Assets related to Ivy Bridge were not part of the deal. “We’re buying the trade name, we’re not buying the company,” said Oakleigh Thorne, Datamark’s chairman of the board, in an interview on Thursday. “Ivy Bridge is the old Altius’s problem.”
The sale, for an undisclosed price, does include Helix, an online-learning system powered by rich analytic tools that Altius created for traditional and competency-based teaching. The sale also gives Datamark ownership of technology, intellectual property, and services that Altius has created in student retention and student coaching.
Datamark said it had offered employment to 42 of Altius’s employees, and all have accepted. Not included in that hiring was Paul Freedman, the founder of Altius. But Mr. Freedman will assume a seat on the Datamark Board of Directors. He declined to comment, citing the terms of the sale.
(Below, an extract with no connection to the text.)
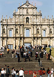 大三巴牌坊是建于三百年前的圣保祿教堂在1853年失火燒毀后,剩下的前壁。這座中西合璧的建筑藝術杰作,目前已成為澳門的歷史象征。
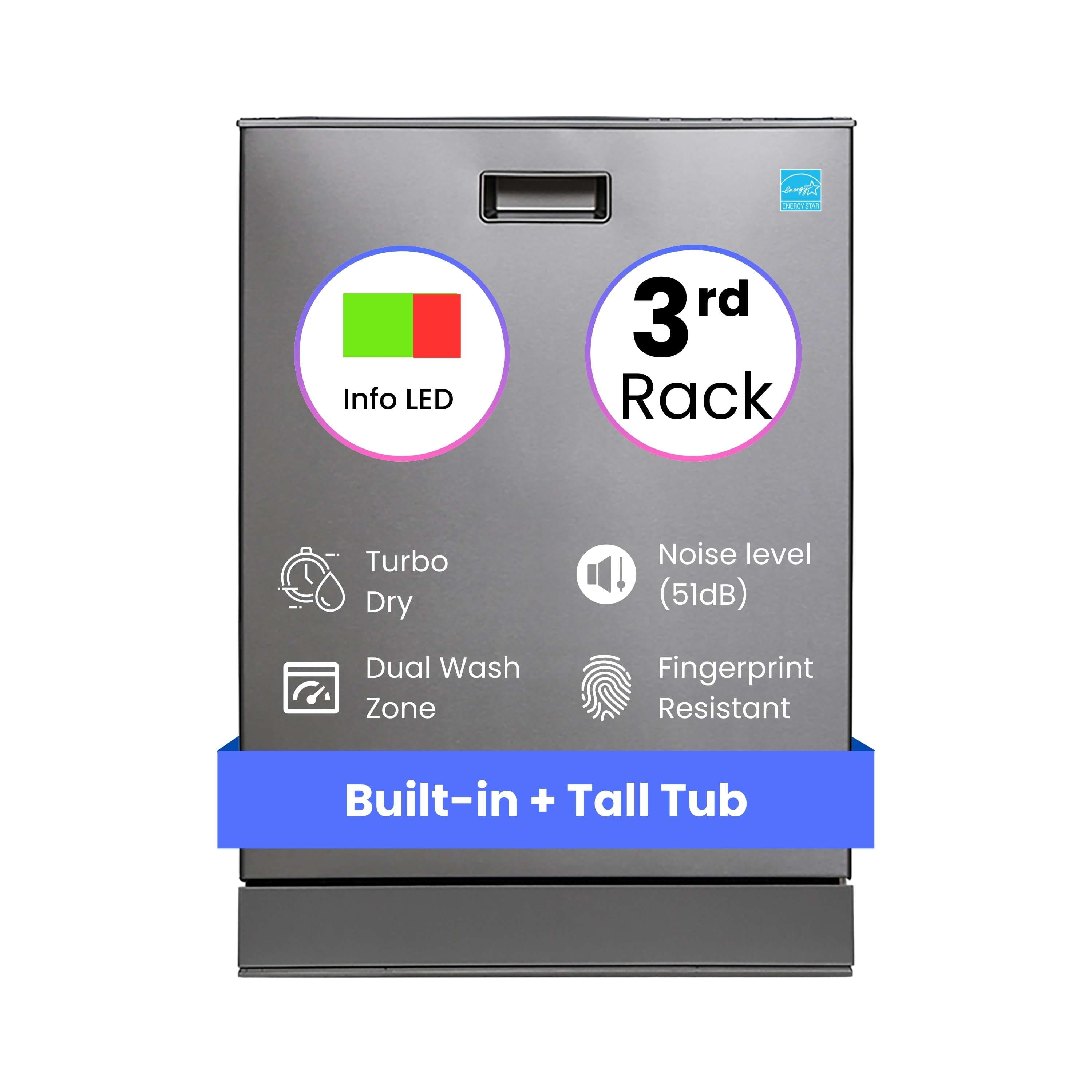 Equator - 24" Built-In Dishwasher Top Control 3rd Rack 15 place 3.4g Sanitize 51 dB Turbo Dry Energy Star 110V ADA - Silver

For Datamark and Mr. Thorne, who was formerly chief executive of a another learning-management company, eCollege, the purchase of Helix marks a strong vote of confidence in competency-based education. He said he and others there believe it has “a huge future role” in higher education.
The deal came together quickly. Discussions began this past summer soon after news began to spread about the federal investigation and a crackdown on Ivy Bridge by Tiffin’s accreditor.
Mr. Thorne led an investment group that financed Datamark’s purchase of Altius’s assets and that provided an additional $11-million infusion into Datamark to help support and expand the campus partnerships that Altius had begun to forge. Mr. Thorne said he had been attracted both by Helix, which he calls “a totally cutting-edge platform,” and by the student-assistance services and systems that Altius had created, “which solves huge problems for a lot of schools today.”